Все сказанное выше свидетельствует о том, что тонкая клиническая наблюдательность и высокая эрудиция Кандинского позволили ему приблизиться к современным представлениям об эпилепсии.

Огромный интерес имеют клинические представления Кандинского о психопатиях. Эта проблема особенно интересовала русских психиатров после судебной реформы, проведенной в России в 1864 г., когда был утвержден суд присяжных и психиатры стали чаще привлекаться к судебно-психиатрической экспертизе.

Особенную трудность для такой экспертизы представляли лица, у которых были пограничные состояния, а из них в первую очередь психопаты, наиболее часто совершающие те или иные правонарушения. Необходимо считаться с тем, что в ряде случаев психопатия по своей тяжести и глубине может быть приравнена к психической болезни. Чаще же лицо, совершившее преступление, являясь психопатом, должно быть признано способным отдавать отчет в своих поступках и руководить ими и потому подлежащим наказанию, а не лечению. Вот почему в 80-х годах прошлого столетия у многих выдающихся русских психиатров в актах судебно-психиатрической экспертизы впервые начинает фигурировать понятие психопатии. Приведем, например, судебно-психиатрическое заключение С. С. Корсакова по нашумевшему делу Прасковьи Качки, убившей своего возлюбленного, студента Гортынского. Знаменательна также экспертиза И. М. Балинского, который применил термин «психопатия», характеризуя психическое состояние подэкспертной Семеновой, и отметил при этом отличие психопатий от психических заболеваний и психопатизации. Кандинский также описал психопатию и подробно высказался по поводу ее клинической сущности в своем уже упоминавшемся нами судебно-психиатрическом заключении по делу Юлии Губаревой (Островлевой).

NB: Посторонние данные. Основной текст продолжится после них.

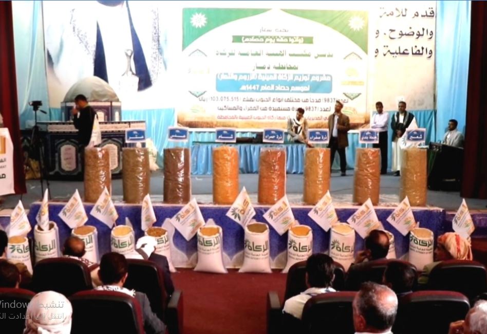 الزكاة بذمار تدشن توزيع الحبوب على 9837 أسرة فقيرة

В понимании психопатий Кандинский, как и его выдающиеся современники И. М. Балинский, И. П. Мержеевский и С. С. Корсаков, исходил из признания этих состояний прирожденными аномалиями психики. Он ясно видел отличие психопатий от психических заболеваний и считал, что если в психической болезни есть начало, развитие и тот или иной конец, то при психопатии «вся жизнь — болезнь».

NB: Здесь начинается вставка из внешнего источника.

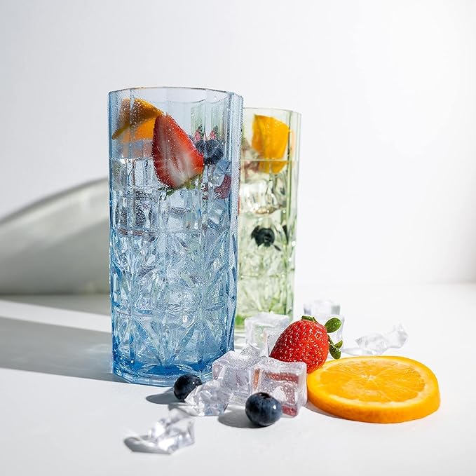 - Elegant Crystal Cut Glasses for the Modern Host: Sturdy and elegant, the classy Myrtle Beach tall plastic drinking glasses from Bellaforte can easily steal the show at any party. With a capacity of 18 oz, our glasses are great for beverages like cocktails, juices, teas and smoothies

Кандинский пользуется для иллюстраций толкования психопатии аналогией из общей медицины с пороками развития. «Это состояние, пишет он о психопатии, относится к сумасшествию от случайных причин совершенно так же, как телесные уродства с пороками физического развития относятся к случайно приобретенным физическим болезням».

Кандинский также с предельной четкостью понимал отличие психопатий как прирожденных аномалий личности от врожденных недоразвитии мозга с различными степенями умственной недостаточности. Он учитывал также, что при психопатии речь идет о постоянной дисгармонии всего душевного строя человека и тонко описывал основные черты этой дисгармонии. В своей судебно-психиатрической экспертизе по делу Губаревой он пишет: «Обыкновенное психопатическое состояние» определяется тем, что «весь строй душевной жизни… характеризуется непостоянством, изменчивостью, неустойчивостью, отсутствием внутреннего равновесия, дисгармонией своих отдельных сторон…».

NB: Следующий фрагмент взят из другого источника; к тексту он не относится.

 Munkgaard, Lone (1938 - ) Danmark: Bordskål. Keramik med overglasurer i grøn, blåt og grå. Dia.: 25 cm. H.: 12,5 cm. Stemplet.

Исключительный интерес представляет то, что Кандинский, опережая свое время, смог понять ограниченность статического толкования психопатий. Он указывал на их динамичность, проявлявшуюся в разных ракурсах. Здесь могла идти речь и о предрасположенности к разнообразным патологическим реакциям, и о преходящем психотическом состоянии, и о лабильности больных и склонности к декомпенсации при воздействии различных вредоносных внешних факторов и, наконец, о возможности дальнейшего патологического развития личности.

В экспертизе Губаревой Кандинский констатирует и подробно описывает на фоне постоянной психопатичности различные «транзиторные болезненные состояния… равнозначащие с временным полным умопомешательством или с умоисступлением». Также он утверждает, что «психопатическое состояние, начавшееся с первого времени ее жизни и в самом себе носящее условия своего прогрессивного усиления… по временам обостряется… в скоропреходящие состояния полного душевного расстройства».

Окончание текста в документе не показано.